Rising Input Costs Clash with Stable Commodity Markets
According to the latest analysis by Itaú BBA, global fertilizer prices have risen significantly in 2025, intensifying pressure on producer margins, as agricultural commodity prices remain largely stable or have declined. This divergence is severely impacting the terms of trade for rural producers.
Key Fertilizer Price Trends
- Potassium chloride (KCl): Up 24% year-to-date, including a 5.2% increase in April and a further 2.8% in early May, now reaching US$ 365/ton.
- Monoammonium phosphate (MAP): Gained 6.9% in April and 2.5% in early May, peaking at US$ 717.50/ton at Brazilian ports.
- Urea: Surged 9% in April; partially corrected with a 1.9% drop in mid-May, though prices remain elevated.
Despite the spike in input costs, core commodities such as soybeans, corn, and wheat have shown little price recovery, exacerbating economic stress for farmers.
Market Drivers: Demand and Supply Imbalance
Itaú BBA notes that fertilizer demand remains firm, while global supply chains remain tight, fueling the international price rally. Even macronutrients that exhibit less pricing pressure are now experiencing exchange rates above historical averages, contributing to a costly planting season.
The situation is reminiscent of the 2022 input crisis triggered by the Russia-Ukraine conflict, when fertilizer access and pricing became global challenges. For many producers, current fertilizer affordability is near the lowest levels observed during that peak crisis.
Outlook: China’s Role and Market Uncertainty
There is cautious optimism around the resumption of Chinese exports of nitrogen and phosphate fertilizers, which had been curtailed in favor of domestic supply priorities.

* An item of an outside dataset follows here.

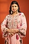 Featuring a pink long kurta in silk base with embroidery. It is paired with lycra churidar pants. Accentuate the designer set with kundan polki or gold jewellery, embellished heels and a potli for an elegant look, Perfect wear for festive, sangeet or engagement ceremony.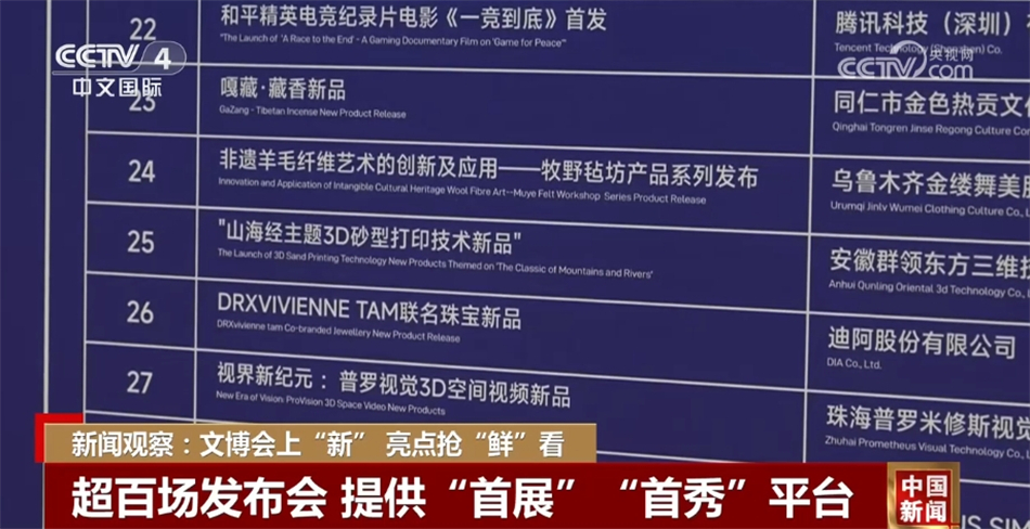 首次設立國際文化貿(mào)易展,邀請西班牙貿(mào)易協(xié)會、尼泊爾工商聯(lián)合會等國外貿(mào)易機構參展,一站式包攬各地文化產(chǎn)業(yè)精品;在影視·出版·版權·游戲電競展,首次亮相的“城市文化合伙人”主題展呈現(xiàn)“文化+交易產(chǎn)業(yè)融合新產(chǎn)品”,傳播城市優(yōu)秀文化。據(jù)悉,今年的文博會將舉辦超100場創(chuàng)新項目及新品發(fā)布會和超20場招商會、推介會等,為國內(nèi)外新產(chǎn)品、新技術、新業(yè)態(tài)、新服務的發(fā)布提供“首展”“首發(fā)”“首秀”平臺。

The release of surplus volumes may bring some relief, but analysts stress that this is unlikely to prompt substantial price drops in the short term.
The sustained rise in fertilizer costs, without parallel gains in crop revenues, continues to compress producer margins and highlights the urgent need for strategic input management, including purchasing timing, local sourcing, and government policy support.